This model stands out due to its custom classification heads, which use a more complex architecture to improve performance on nuanced tasks.

Model Architecture

The model uses a standard distilbert-base-uncased model as its core feature extractor. Two custom classification "heads" are placed on top of this base to perform the downstream tasks.

  • Base Model: distilbert-base-uncased
  • Classifier Heads: each head is a Multi-Layer Perceptron (MLP) with the following structure to allow for more complex feature interpretation:
    1. A Linear layer projecting the transformer's output dimension (768) to an intermediate size (384).
    2. A GELU activation function.
    3. A Dropout layer with a rate of 0.3 for regularization.
    4. A final Linear layer projecting the intermediate size to the number of output labels for the specific task (intent or NER).

Intended Use

This model is intended to be the core NLU component of a conversational AI system for managing appointments.

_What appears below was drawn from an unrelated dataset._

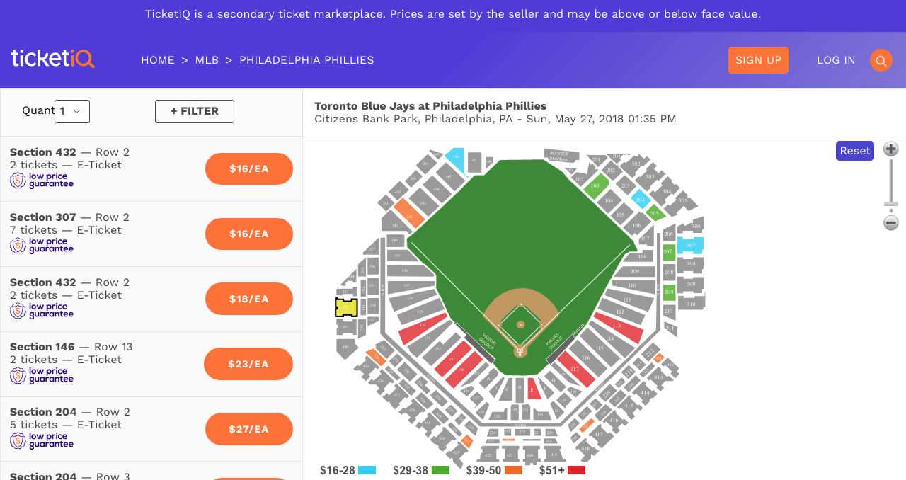 The Phillies are remarkably in second place in the NL East at 28-20, and with a west coast trip on the horizon, why not let Ticket IQ get you out to a game this weekend? We’ve been partnered for quite some time with TicketIQ, the best secondary ticket vendor on the market. With their “Low Price Guarantee”, they’re confident that they can offer you the best tickets at the lowest price.

For instructions on how to use the model check the dedicated file.

Training Data

The model was trained on the HASD (Hybrid Appointment Scheduling Dataset), a custom dataset built specifically for this task.

  • Source: The dataset is a hybrid of real-world conversational examples from clinc/clinc_oos (for simple intents) and synthetically generated, template-based examples for complex scheduling intents.
  • Balancing: To combat class imbalance, intents sourced from clinc/clinc_oos were down-sampled to a maximum of 150 examples each.
  • Augmentation: To increase data diversity for complex intents (schedule, reschedule, etc.), Contextual Word Replacement was used. A distilbert-base-uncased model augmented the templates by replacing non-placeholder words with contextually relevant synonyms.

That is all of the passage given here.